Having Sass and templating work right out of the box is, for many of my
projects, just about all I need. Then I add a plugin to deploy to S3 and I'm
good to go. But one of Middleman's best features is the ability to supply JSON
(or YAML) files and automatically generate routes and pages from the data. I
find it to be a nice way to prototype data-heavy sites that may end up
requiring a full-blown Rails setup.

If all you're doing is blogging, then Jekyll might be all you need (especially
since it, I think, had native Sass support in its latest version)...but for
anything more complicated, or even simpler (i.e. a few static pages and not a
blog), Middleman hits that niche very sweetly.
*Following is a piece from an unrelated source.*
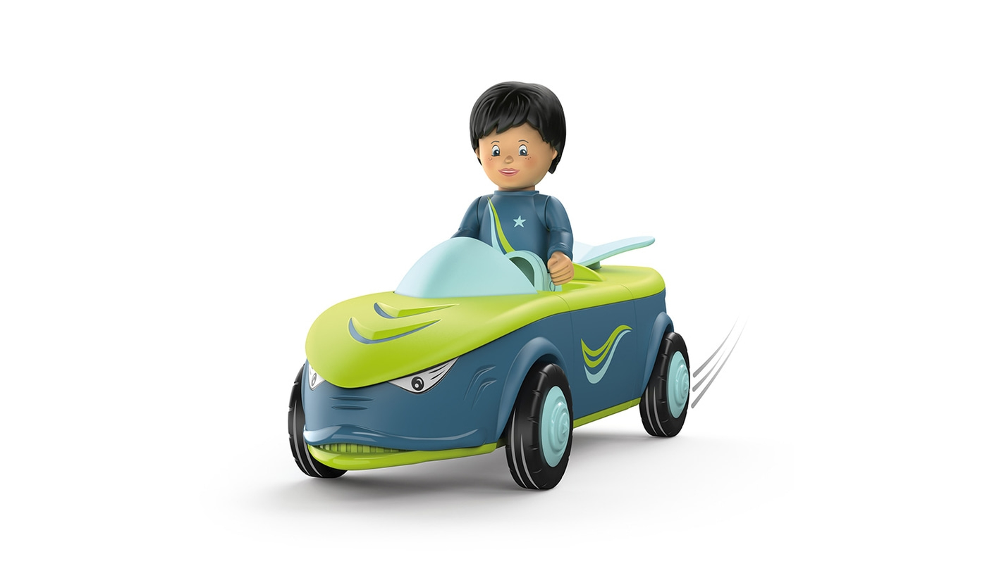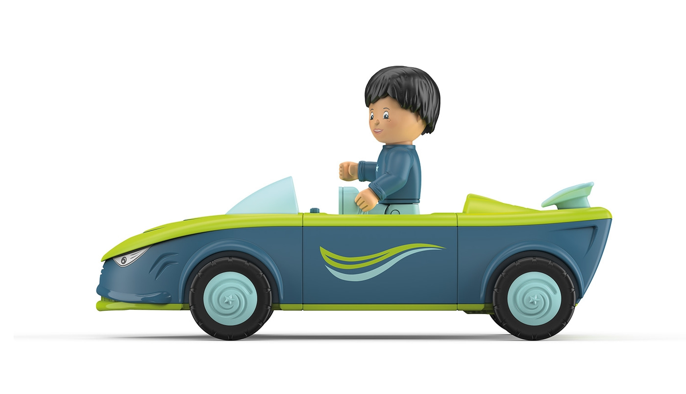- Bewegliche Spielfigur Dave und 3-teiliges Fahrzeug Divey

I came across it when reading
an article by a front-end shop about how they use it as a sort-of backend to
their client-side-heavy apps...I haven't used it for that purpose yet, but,
given how easy it is to setup the build process via Sprockets, I have no doubt
it could serve as a decent static backbone for such an app.

Vox Media uses Middleman for most of their features:
[http://product.voxmedia.com/2014/7/29/5863004/take-a-peek-
at...](http://product.voxmedia.com/2014/7/29/5863004/take-a-peek-at-the-code-
that-powered-the-verge-50)

------
selmnoo

        Many sites don't really require all that for them to run, 
        and it's crazy to me that something as read heavy as a 
        blog often can't perform well under load given that it's 
        just serving up the same old stuff over and over again. 
        You want to have some tooling to make it easier, but it 
        doesn't need to be run time tooling.
    

Woah, that makes a tremendous amount of sense, I'm really surprised this kind
of thing wasn't developed and caught on big earlier. No more worrying about
security upgrades, no more worrying about overusing limited computing
resources, no more worrying about giving things like Wordpress to people who
don't understand the vast security implications, etc. etc.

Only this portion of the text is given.